If Lauren Boggi Owed You Money, You’re Definitely Not Getting It Back

You’re not even allowed to ask her about it. Seriously.
Lauren Boggi in a Philly Mag file photo.

Lauren Boggi in a Philly Mag file photo.

Less than four months since we first told you that Lithe Method founder Lauren Boggi had suddenly shuttered her fitness studios and declared bankruptcy after a massive judgment was obtained against her by her New York landlord, we can now report that Boggi’s bankruptcy ordeal is over. And if you were one of her hundreds of creditors, you can bid adieu to your money.

The United States Bankruptcy Court in Philadelphia has closed Boggi’s case. The bankruptcy trustee — that’s the person the government appoints to analyze your finances to see what property you have that could be liquidated to pay off debts — issued his report, stating that Boggi had no assets or other property that could legally be seized. And so, Boggi’s entire debt claimed in the bankruptcy case — that’s $688,604 — has been wiped out.

The court’s order means that none of the people whom Boggi owed money can go after her for it, including the many Lithe devotees who paid for classes they never got to take. They can’t sue. They can’t ask anyone to garnish her paycheck. They’re not even allowed to contact Boggi to ask for their money back. If they do call or email her for that purpose, they could be ordered to pay her.

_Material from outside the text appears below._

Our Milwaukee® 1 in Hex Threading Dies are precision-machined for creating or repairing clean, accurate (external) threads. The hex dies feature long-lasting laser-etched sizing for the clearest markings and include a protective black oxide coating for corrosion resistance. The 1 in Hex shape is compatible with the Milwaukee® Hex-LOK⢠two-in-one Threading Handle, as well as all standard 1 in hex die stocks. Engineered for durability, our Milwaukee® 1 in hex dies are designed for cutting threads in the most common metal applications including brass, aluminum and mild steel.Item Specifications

Meanwhile, Boggi hasn’t been sitting inside her Rittenhouse Square condo feeling sorry for herself. No, she has left Lithe Method behind and has continued to bring her “cardio-cheer-sculpting” workouts to the ladies-who-lunch-on-kale crowd via her new company, LB Active.

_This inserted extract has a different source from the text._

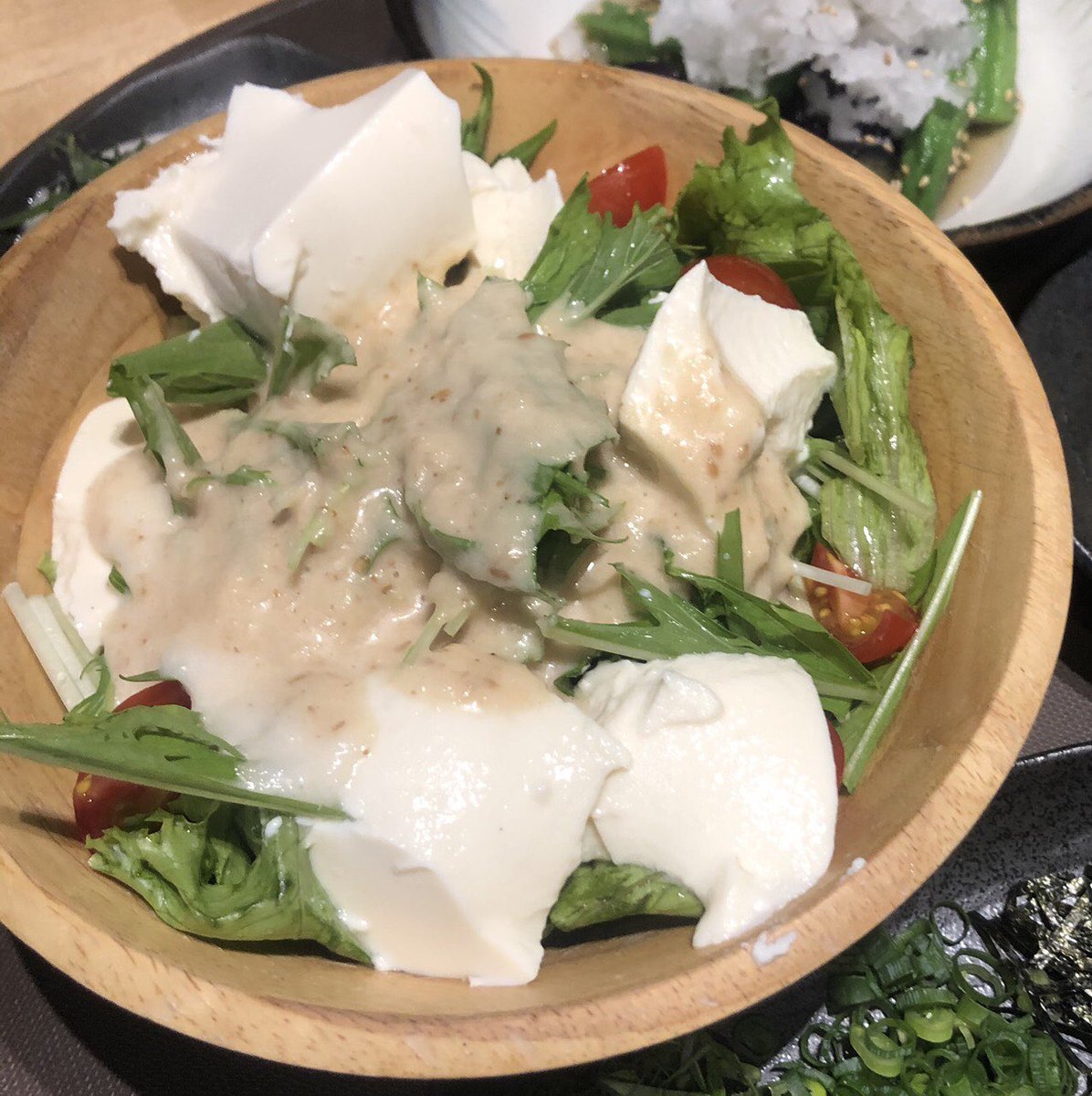 とろろ胡麻ドレッシングがよく絡んで美味しいです😋

In fact, she just returned from an “LB Activation” trip to Tulum, Mexico, where she and her clients snorkeled, sunbathed, and went to mezcal-fueled happy hours, with Boggi dutifully posting tropical photos to her 23,000 Instagram followers along the way.

“It’s great work if you can get it,” observes Philadelphia bankruptcy attorney Michael Viscount of Fox Rothschild, whom we asked to take a look at the case. “If people want to pay her to teach them this art of exercise, she’s certainly not prohibited from taking their money.”

But one ex-Lither we spoke with wasn’t exactly happy about Boggi’s sun-drenched exploits.

“I don’t mean to sound like a disgruntled Lither,” she told us. “But how does she have the gall to abruptly close, file for bankruptcy, and then post pictures from her vacation, and posting pictures of her wearing her Christian Loubutins on Instagram? And still these girls are drinking the Kool-Aid?”

Boggi didn’t immediately return our call seeking comment, but her April 25th post from Tulum gives us some insight into where her head is at.

“My feed is about to go tropical and I’m not sorry about it,” she wrote. “Believe me when I say that nobody needs this activation more than I do. I’m thrilled to be able to work again & teach 12 amazing women what freedom means. At some point during the next few days, I’ll also be able to legally speak about the toughest 5 years + the horrendous past 4 months of my life (entrepreneurs, listen up … biz is delicate, know who you are getting in bed with) > losing my company that I poured 12 years of my heart + soul into > and going bankrupt all in front of the world to see. Game over? No way. You have two options in life. You can wallow in your sorrow or push forward. I chose the latter because that’s how I choose to live my life. Excited to have the opportunity to write about my experience. Thank you to all the positive people & true friends who have carried me, I’ll forever be indebted to you all.”